- What is being asked -
Below are the records; give again exactly the lines from the one containing "Football - KC" through the one containing "36, České Budějovice.", leaving out pictures.

========================================================================

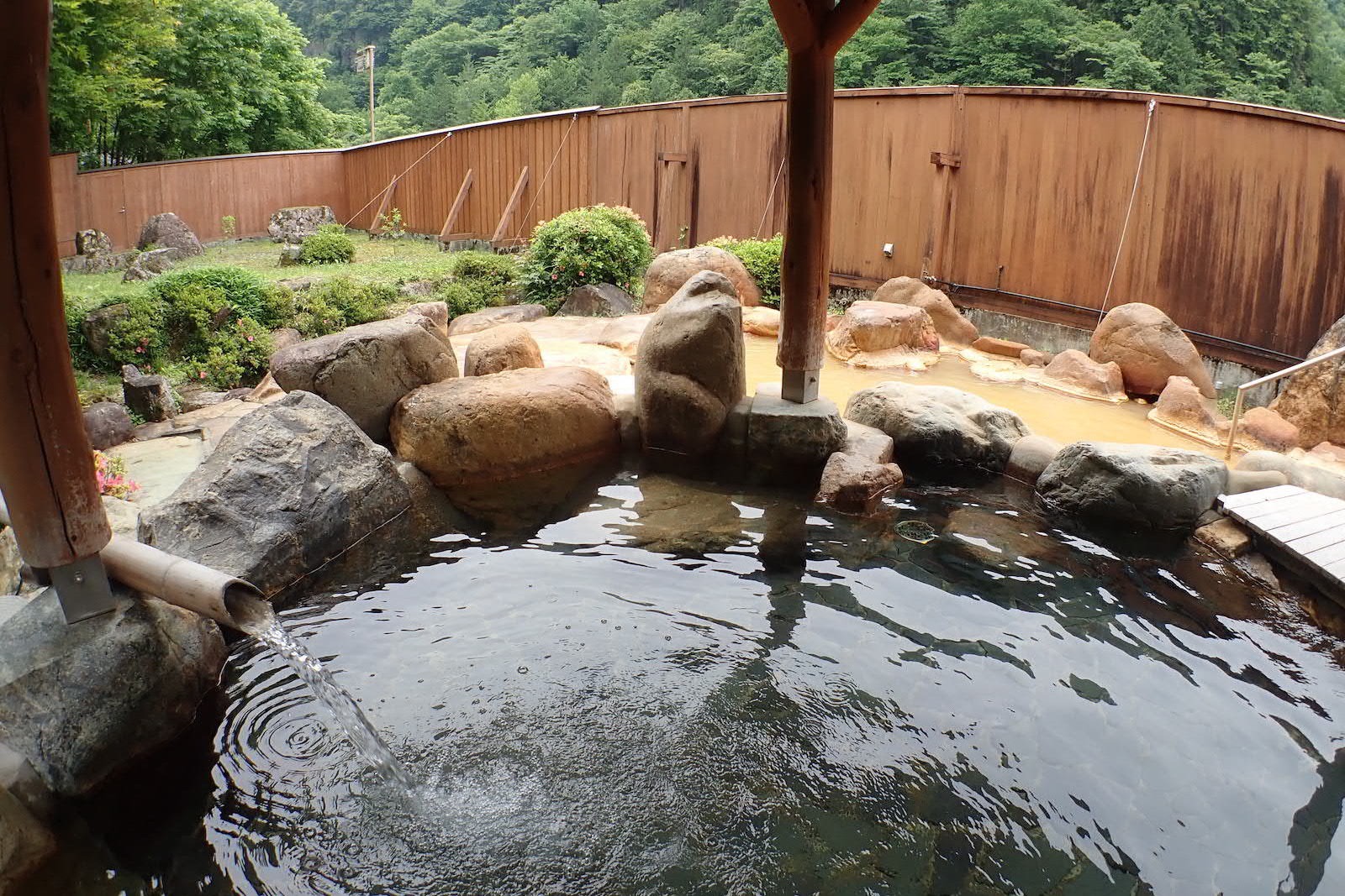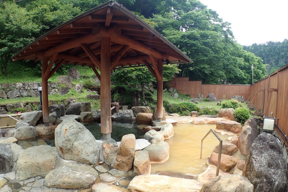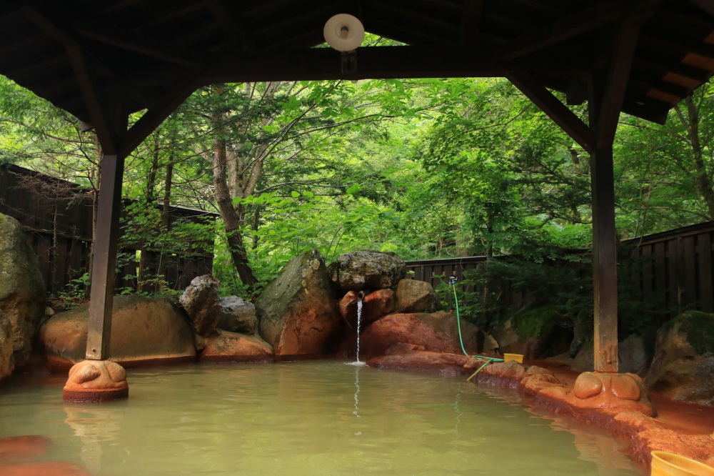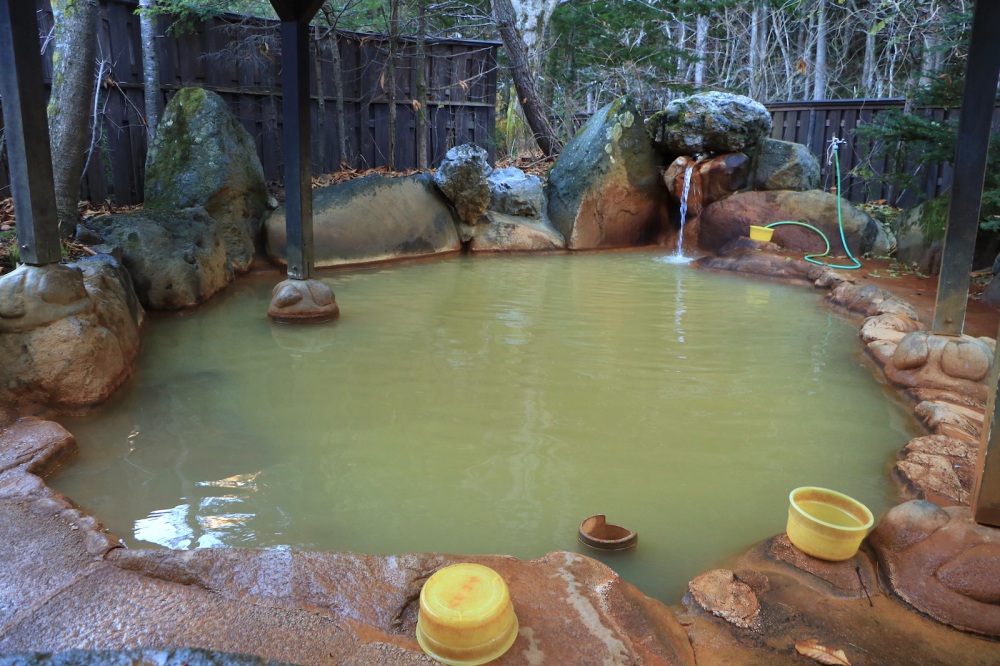 泉質は炭酸水素塩泉(ナトリウム-炭酸水素塩・塩化物泉)。かすかに濁り湯を呈しており、鉄分の香りを感じます。とろとろとした気持ちの良い肌触りです。夏は森林浴、冬は雪見露天が楽しめるのも魅力の一つ。
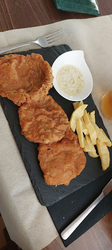 Todo buenísimo y con muy buena presentación!! El menú de fin de semana son 17 euros, con primero, segundo, postre y bebida (vino o agua). Hemos cogido 3 menús y un plato de escalopines de ternera con patatas con salsa roquefort(11€). De primeros: garbanzos con setas y pimientos del piquillo rellenos de bacalao. De segundos: osobuco a la milanesa con patatas y lenguado a la plancha con patatas panaderas.
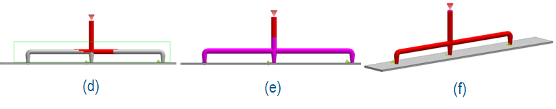 单击并拖动第二个二维框以选择更多元素 (d)。 框内所有元素(可见和隐藏元素)高亮显示为紫色 (e)。 单击应用以将高亮显示的元素添加到浇道元素集 (f)。 (单击删除以将高亮显示的元素从浇道元素集中移除。) |
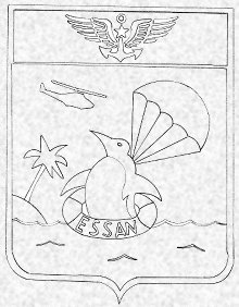 ![]() "Deux tiers de ciel azur et un tiers de mer, un pingouin arrive à la mer en parachute, une bouée à la taille; il guette l'approche d'un hélicoptère de sauvetage venant d'une île, havre symbolique. Sur la bouée apparaît l'intitulé de l'E.S.S.A.N." |
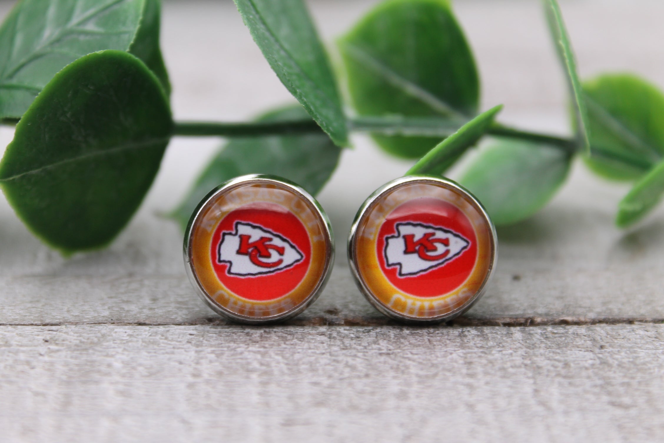 Football - KC Chiefs Circle | 12mm Glass Stud Earrings | Hypoallergenic
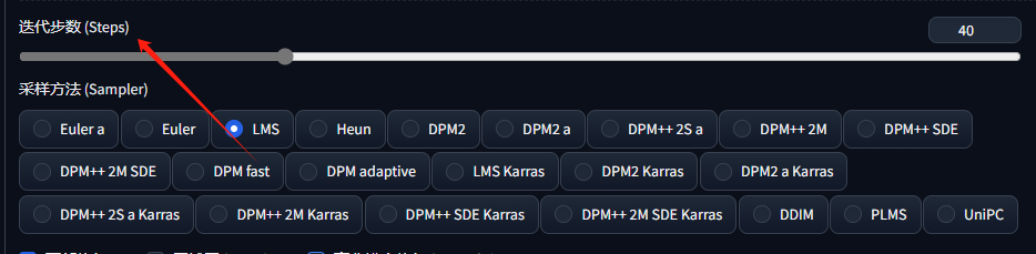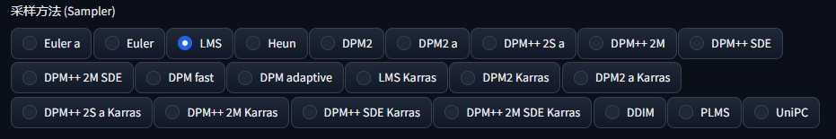 •Sampler(采样器/采样方法) 选择使用哪种采样器。Euler a(Eular ancestral)可以以较少的步数产生很大的多样性,不同的步数可能有不同的结果。而非 ancestral 采样器都会产生基本相同的图像。DPM 相关的采样器通常具有不错的效果,但耗时也会相应增加。
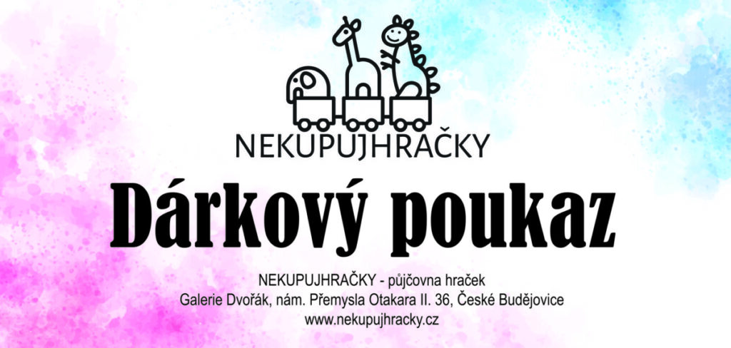 • Poukaz lze uplatnit na prodejně Nekupujhračky – Galerie Dvořák (1. p.), nám. Přemysla Otakara II. 36, České Budějovice.
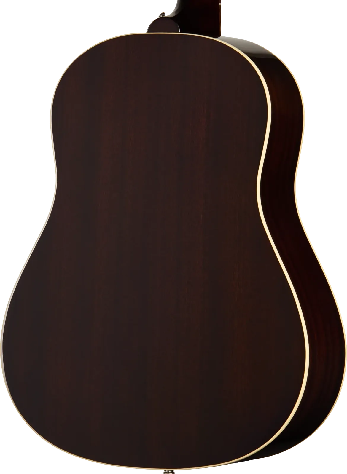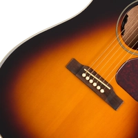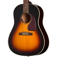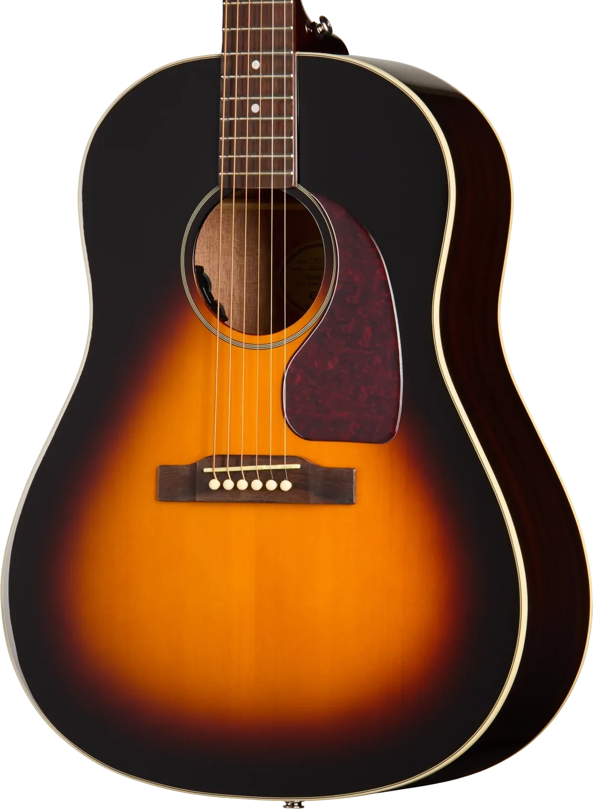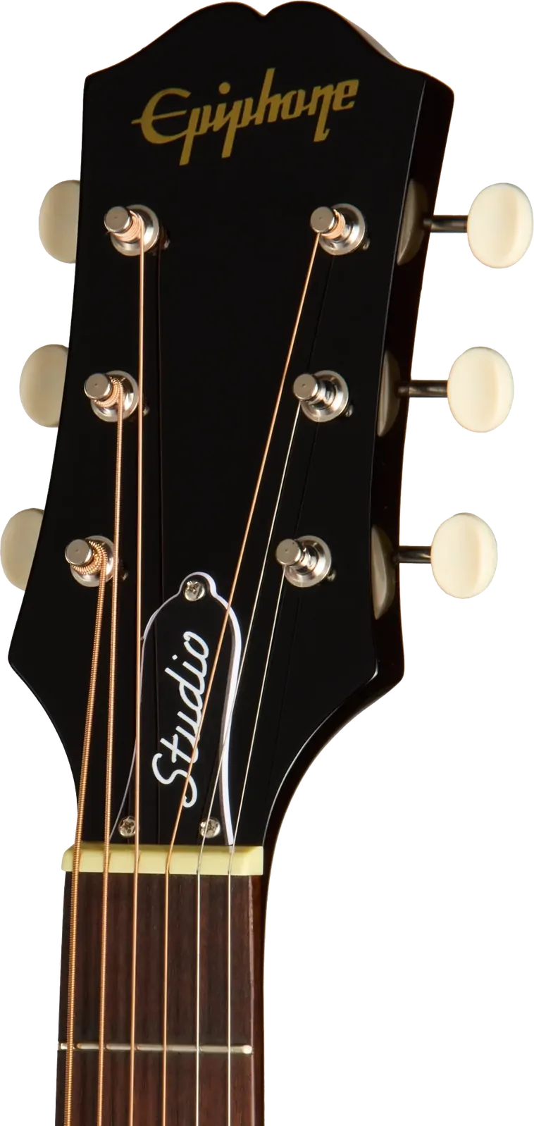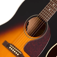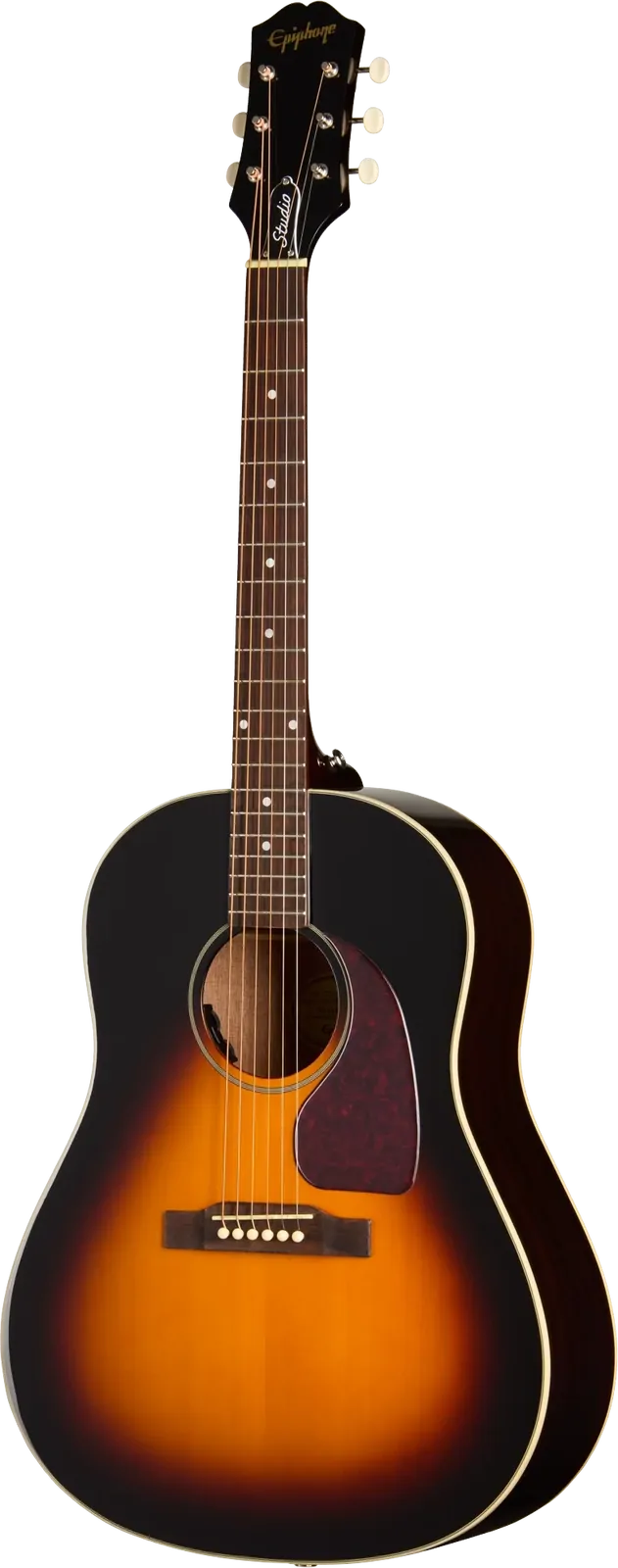 The Epiphone J-45™ Studio is part of the all-new Epiphone Studio Acoustic Collection. These guitars have been completely reimagined to offer the most authentic and affordable acoustic guitars inspired by iconic Gibson designs. The J-45 Studio offers a blend of classic design and modern functionality and was designed to appeal equally to beginners and seasoned players alike. Based on the classic Gibson J-45 “The Workhorse,” the J-45 Studio has a sloped shoulder body and 24.75” scale length, just like the Gibson model that inspired it. The J-45 Studio delivers a warm, rich tone with exceptional clarity, making it ideal for a wide range of musical styles. The J-45 Studio has a layered mahogany body with four-ply ivory and black binding on the top, single-ply ivory binding on the back, and a solid spruce top for a responsive, balanced tone with excellent dynamic range that will sound even better as it ages. The mahogany neck is joined to the body with a glued-in tapered dovetail neck-to-body joint and features a Rounded C profile that ensures comfortable playability. The neck is topped with a rosewood fretboard equipped with 20 standard frets and dressed up with simple pearloid dot inlays. The other ends of the strings are routed over a compensated plastic saddle and are anchored to the belly-up rosewood bridge with ivory-colored bridge pins. We also included other details that give the J-45 Studio even more vintage-style visual appeal, including a teardrop-shaped dark tortoise shell-colored pickguard, three-on-a-plate tuners with ivory-colored plastic buttons, and a 60s Kalamazoo-style headstock with the Epiphone logo proudly displayed in gold silkscreen. The J-45 Studio comes with Fishman electronics, including an S-Core under-saddle pickup and Fishman Presys VT preamp with soundhole-mounted volume and tone controls that are fast and easy to access for the player while remaining nearly invisible to the audience. The Epiphone J-45 Studio has a gloss finish and is offered in two vintage-inspired colors—Natural and Vintage Sunburst. Both right and left-handed versions are available. A standard gig bag is also included.

========================================================================

- Solved problem -
 Football - KC Chiefs Circle | 12mm Glass Stud Earrings | Hypoallergenic
 •Sampler(采样器/采样方法) 选择使用哪种采样器。Euler a(Eular ancestral)可以以较少的步数产生很大的多样性,不同的步数可能有不同的结果。而非 ancestral 采样器都会产生基本相同的图像。DPM 相关的采样器通常具有不错的效果,但耗时也会相应增加。
 • Poukaz lze uplatnit na prodejně Nekupujhračky – Galerie Dvořák (1. p.), nám. Přemysla Otakara II. 36, České Budějovice.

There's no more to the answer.